Starter for a es6 node library

Usage no npm install needed!

<script type="module">
  import utf8string from 'https://cdn.skypack.dev/utf8string';



NPM version Build Status

While this string implementation has all the necessary bits to sometime grow into a full-fledged implementation, this is unlikely to happen firstly because of time needed, but also because such an implementation require a custom regular expression engine.

Simple Example

const str = new Utf8String('aaaabc');
const searchStr = new Utf8String('aab');
const result = str.substring(str.find(searchStr));
console.log(String(result)); // "aabc"

For more examples please refer to the tests.


All string operation return a new Utf8String object.

Iterating a string

Because of the nature of UTF-8 encoding (and Unicode in general), a JavaScript's String style random access to a string is not very desirable for performance reasons since you have to always iterate from the start of the string and count the code points.

Moreover code points may not be what you want to count, as, for example grapheme clusters should be used for counting what would one visually consider "characters".

This is why Utf8String exposes a codePoints() method that returns an iterator over unicode code points, which is also aliased to an [Symbol.iterator]() method so that it is easy to use Utf8String in for .. of constructs and with other functions and constructs that expect an object conforming to an iterator protocol such as Array.from() or spread operator.
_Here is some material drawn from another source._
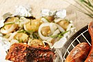 Koka potatisen. Skala lök och vitlök, skiva löken och finhacka vitlöken. Plocka av rosmarinen från kvistarna. Blanda potatisen med lök, vitlök, rosmarin, olivolja, salt och peppar. Lägg potatisblandningen på foliearket. Riv över det yttersta av citronens skal och vik ihop till ett paket. Lägg paketet på grillen 15–20 minuter. Servera med grillade kamben eller korvar.

Utf8String also provides a bytes() iterator that could be used for low-level access to the string.

Size of a string

The same as with iteration, depending on your particular requirements you might have a different definition of a size (or a length) of a string. This is why instead of providing a multitude of instance methods Utf8String library takes a different approach with delivering a single class utility method called Utf8String.count(), which accepts and iterable, such as one returned by codePoints() or bytes() instance method.

This approach also allows to provide additional iterators such as characters (grapheme clusters), or even words as separate packages while making use of default length / counting facilities.